Сама я на праздник не ходила, потому что весь день провела рядом с Зулемой, у которой, как и следовало ожидать, с самого утра случился очередной приступ.

– Я уже в курсе, дочка.

– По радио передали. А что все это значит?

– Для нас – ничего особенного, на нашу жизнь это практически не повлияет, это все происходит слишком далеко отсюда.

 

* * *

 

Прошло два года, и демократия окрепла. О диктатуре с тоской вспоминали лишь генералы да неформальный профсоюз таксистов. Нефть по‑ прежнему била ключом из‑ под земли, и никто особо не задумывался над тем, куда и каким образом вложить так легко зарабатываемые деньги. Похоже, в глубине души руководители страны уверовали в то, что так будет всегда и черное золото никогда не иссякнет. Между тем в университетах среди студентов началось новое брожение умов: молодые люди, так недавно рисковавшие жизнью ради свержения Генерала, чувствовали себя разочарованными и даже обманутыми новым правительством, обвиняя президента в том, что он действует в интересах Соединенных Штатов. Победа революции на Кубе[22] стала настоящим факелом надежды, озарившим весь континент. Никто тогда не мог предположить, насколько иллюзорными окажутся эти надежды, а в те годы все наглядно увидели, как народ может взять власть в свои руки и действительно изменить веками установленный порядок жизни. Голоса революционеров звучали в эфире целыми днями, и слова их были бальзамом для истосковавшихся по настоящей борьбе студенческих душ.

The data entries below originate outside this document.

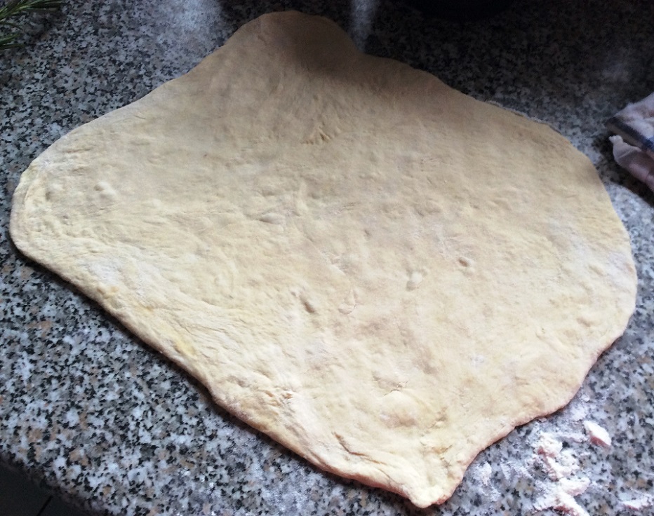 “Diesem handgemachten italienischen Fladenbrot begegnet man überall in Ligurien. Man bekommt es mit Rosmarin, Tomaten, Sardellen oder Oliven und isst es zum Frühstück genauso wie als Zwischenmahlzeit. Die nachfolgende Menge reicht für ein Brot.”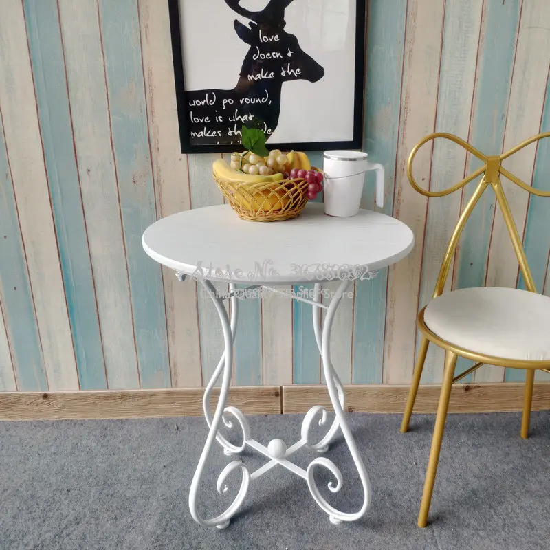 Европейский маленький столик с железными ножками, Диванный круглый журнальный столик для гостиной, простой прикроватный столик, для балкона, Ins деревянный чайный столик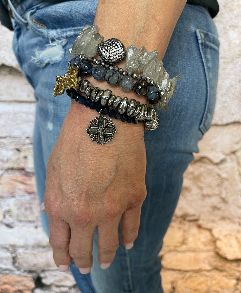 Gray Crystal Quartz pieces with cz encrusted bead, Navy Blue Crystal with religious medallion, silver crystal Bracelet, Blue Crackle Agate with Cross Charm, Silver Hematite Bracelet.

Полубогом был для них Че – со звездой во лбу, готовый сражаться за идеалы революции в любом уголке Америки. Среди прогрессивной молодежи стало модно носить бороду и цитировать наизусть Карла Маркса и Фиделя Кастро. Несмываемой краской на стенах университета было начертано: если в стране нет предпосылок для революции, настоящий революционер должен их создать. Самые горячие головы, убежденные в том, что без вооруженной борьбы народ никогда не сможет взять власть в свои руки, уже призывали браться за оружие. В стране стало формироваться партизанское движение.

– Я должен снять этих людей, сделать о них фильм, – заявил Рольф Карле сеньору Аравене.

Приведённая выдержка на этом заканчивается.